Researchers reveal how cells in the peripheral nervous system (PNS) degrade myelin after nerve injury, a process that fails to occur in the central nervous system (CNS). The study appears in The Journal of Cell Biology.

Unlike the CNS, the PNS is capable of significant repair. One reason for this is that Schwann cells, which supply the protective sheath of myelin that covers axons in the PNS, are able to help clear away damaged myelin and guide regeneration after nerve injury. In contrast, the myelin-forming cells in the brain and spinal cord, oligodendrocytes, lack these properties, which helps explains why the CNS has such a limited ability to fix damaged nerves.

The cellular mechanism that enables Schwann cells to break down their own myelin is unclear. This process is key to understanding and treating diseases resulting in myelin damage (demyelination), which can be caused by inherited mutations, illness, age, or injuries.

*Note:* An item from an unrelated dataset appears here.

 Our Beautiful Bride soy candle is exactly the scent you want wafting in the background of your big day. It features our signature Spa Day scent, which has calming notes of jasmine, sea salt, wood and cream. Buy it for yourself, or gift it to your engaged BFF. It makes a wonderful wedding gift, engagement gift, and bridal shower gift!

Researchers previously thought that demyelination by Schwann cells might occur through phagocytosis, whereby the cells gobble up extracellular myelin. But a new study, led by Ashwin Woodhoo (CIC bioGUNE-CIBERehd & Ikerbasque, Spain) and Kristján Jessen (University College London), shows otherwise.

Although Schwann cells and immune cells may employ phagocytosis later in the cleanup process, the new findings indicate that in the first 5-7 days after injury, when 40-50% of the myelin is cleared, Schwann cells digest myelin internally. This cleanup appears to take place through autophagy, with myelin debris inside of Schwann cells being carried to lysosomes in a process the authors term "myelinophagy."

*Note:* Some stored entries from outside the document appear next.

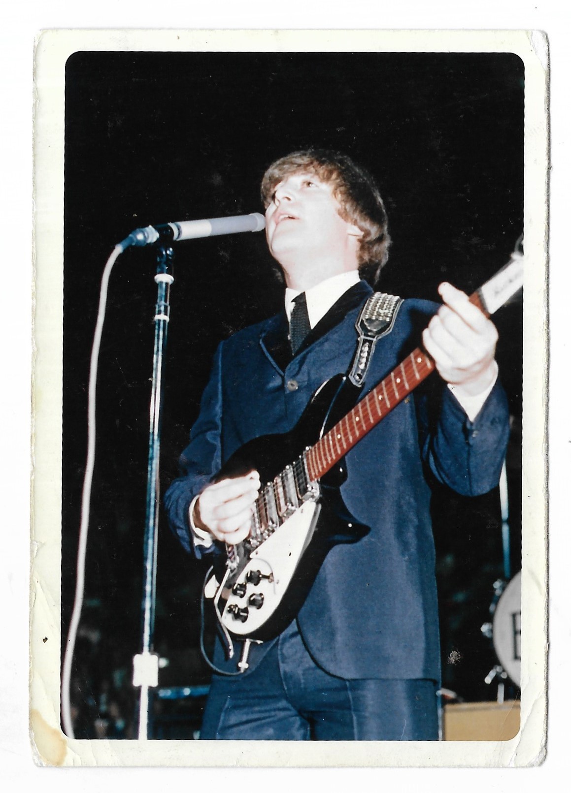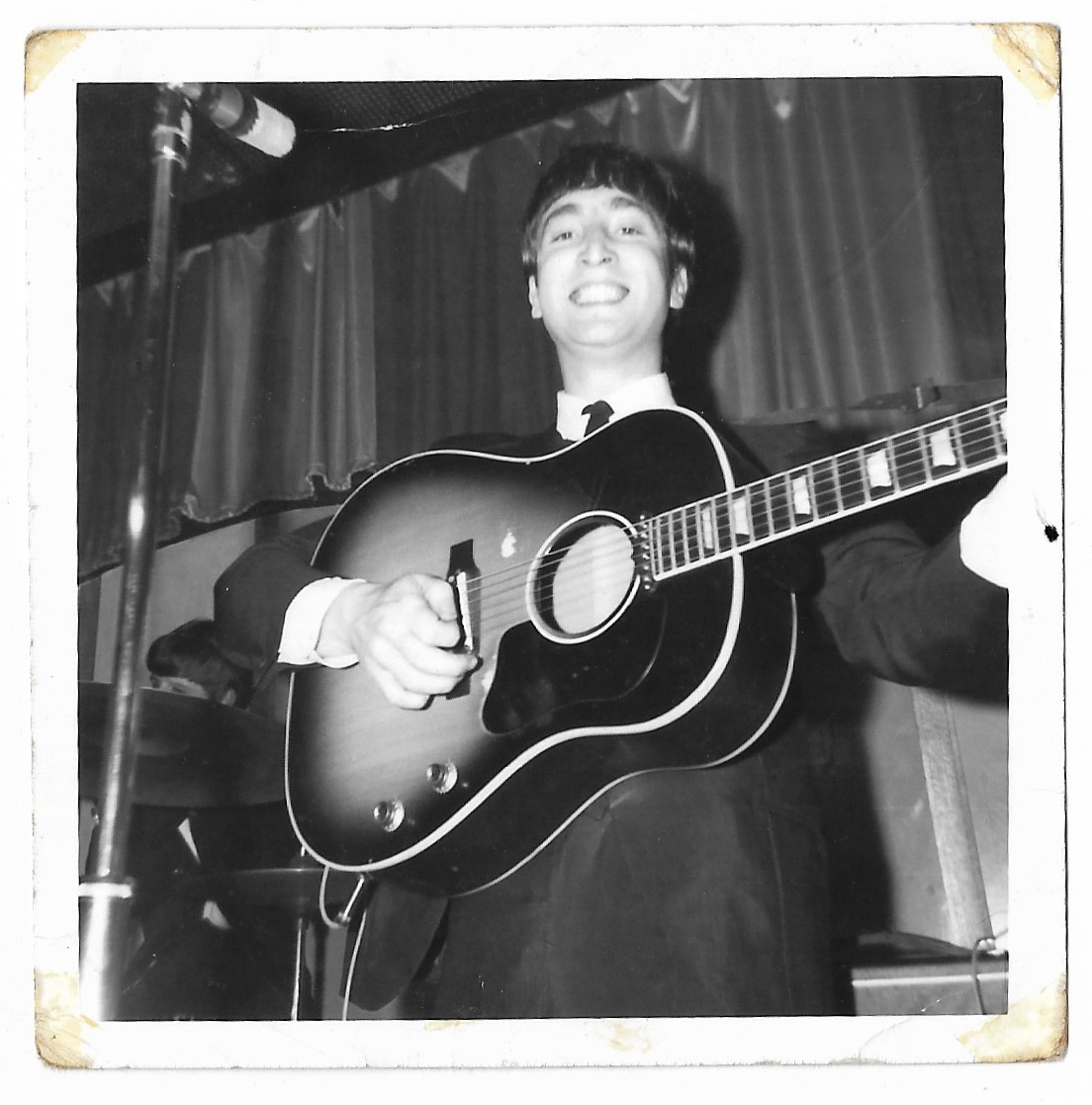 Two fan photographs of John Lennon playing live. These items are formerly the property of Beatles Fan Club secretary, Freda Kelly (2)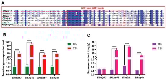 Analysis of transient expression impacts of Efbzip genes on sucrose metabolism. (A) Protein sequence alignment. (B) Quantification of gene expression. (C) Determination of sucrose content. Statistical significance was set as follows: **** p < 0.0001. Error bar: SD.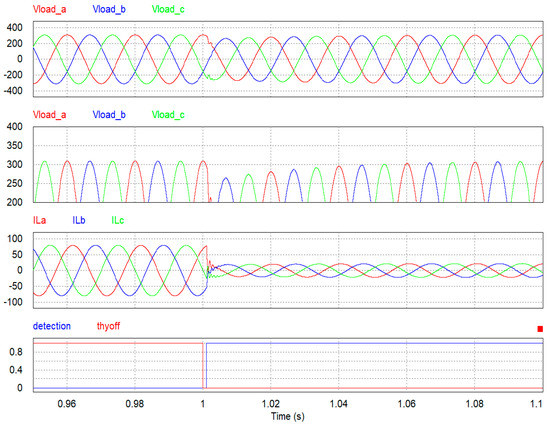 Figure 8 shows the simulation result of a mode conversion as a result of the occurrence of a system fault. Here, it is assumed that the switch connected to the system turned off because of a fault—this change was detected within 1 ms, to trigger mode conversion. At this time, the inverter proceeded to control the voltage in standalone mode. However, a transient occurred in the output voltage after the mode change. Secondly, there is a weak-grid fault. A weak-grid fault occurs when the grid voltage is lower or higher than the rated voltage because of grid disturbances. The inverter senses a fault when the grid voltage is unstable below or above the rated-voltage (weak-grid fault), and switches modes from the grid-connected mode to stand-alone mode.

Using mouse sciatic nerves, which are part of the PNS, the researchers found that expression of several autophagy-related genes was induced after injury. Four to seven days after injury, they also observed an abundance of autophagosomes--which deliver cargo to lysosomes for degradation--compared with uninjured nerves, and these autophagosomes contained myelin debris. Inhibiting autophagy led to a notable reduction in myelin breakdown.

The authors also studied mutant mice lacking autophagy function. Although the mutants survived normally and their peripheral nerves were indistinguishable from control mice, they displayed a significant reduction in myelin breakdown after injury compared with the control group. Using a mouse model of Charcot-Marie-Tooth disease, the most common hereditary demyelinating disease, they observed elevated levels of autophagy compared with healthy nerves.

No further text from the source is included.